Abstract
Purpose
This study aimed to evaluate the clinical significance of toxin positivity and toxin gene load, and the relation between them in the broad spectrum of Clostridium difficile infection (CDI) including colonization, significant diarrhea, and severe disease.
Methods
We included 2671 fecal samples submitted for CDI diagnosis and 180 samples from healthy individuals. The clinical spectrum was categorized as category I (toxigenic C. difficile positive without clinical CDI criteria), category II (mild CDI), and category III (severe CDI). Clinical parameters were compared based on toxin EIA and tcdB C t values. C t values of tcdB PCR for predicting toxin EIA positivity were assessed using receiver-operating characteristic (ROC) curves.
Results
The median C t values of tcdB PCR and toxin positivity were not significantly correlated with clinical spectrum of CDI (27.5, 28.2, and 26.1 for tcdB C t and 55.0, 56.6, and 60.9% for toxin EIA positivity in category I, II, and III, respectively, P > 0.05).
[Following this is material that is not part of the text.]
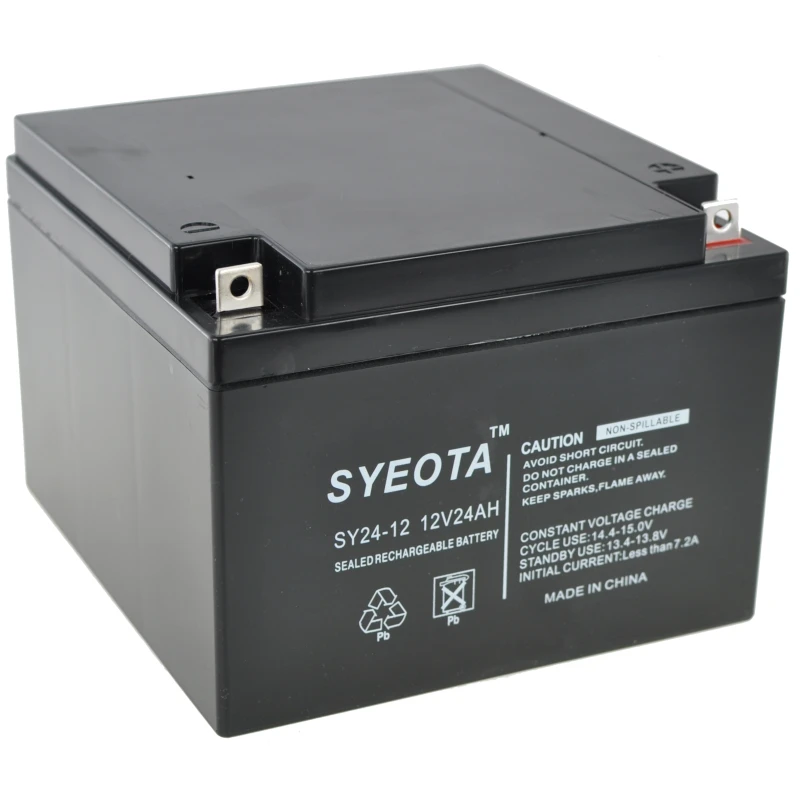 Noslēgtais AGM svina akumulators SY24-12 ir piemērotāks, ja nepieciešama robusta konstrukcija, zemas izmaksas uz ampērstundu, tolerance pret mainīgiem uzlādes cikliem un tieša saderība ar esošām sistēmām, kas paredzētas šāda tipa akumulatoriem. Salīdzinot ar litija akumulatoriem, tas ir smagāks un tā kalpošanas laiks ir nedaudz īsāks, taču tam ir mazākas elektroniskās aizsardzības prasības un tas var labāk darboties mērenā līdz zemā temperatūrā.

There were significant differences in the tcdB C t values between toxin EIA-positive and -negative groups (P < 0.001). Optimal cutoff for the tcdB C t value for estimating toxin EIA positivity was 26.3 with 79.3% sensitivity and 83.6% specificity with good area under the curves (AUC, 0.848).
Conclusions
The C t values successfully predicted toxin EIA positivity and could be used as a surrogate for toxin EIA positivity in the diagnostic algorithm and routine analysis. Further studies are needed to validate the clinical significance of tcdB PCR C t value in toxigenic C. difficile colonization and infection.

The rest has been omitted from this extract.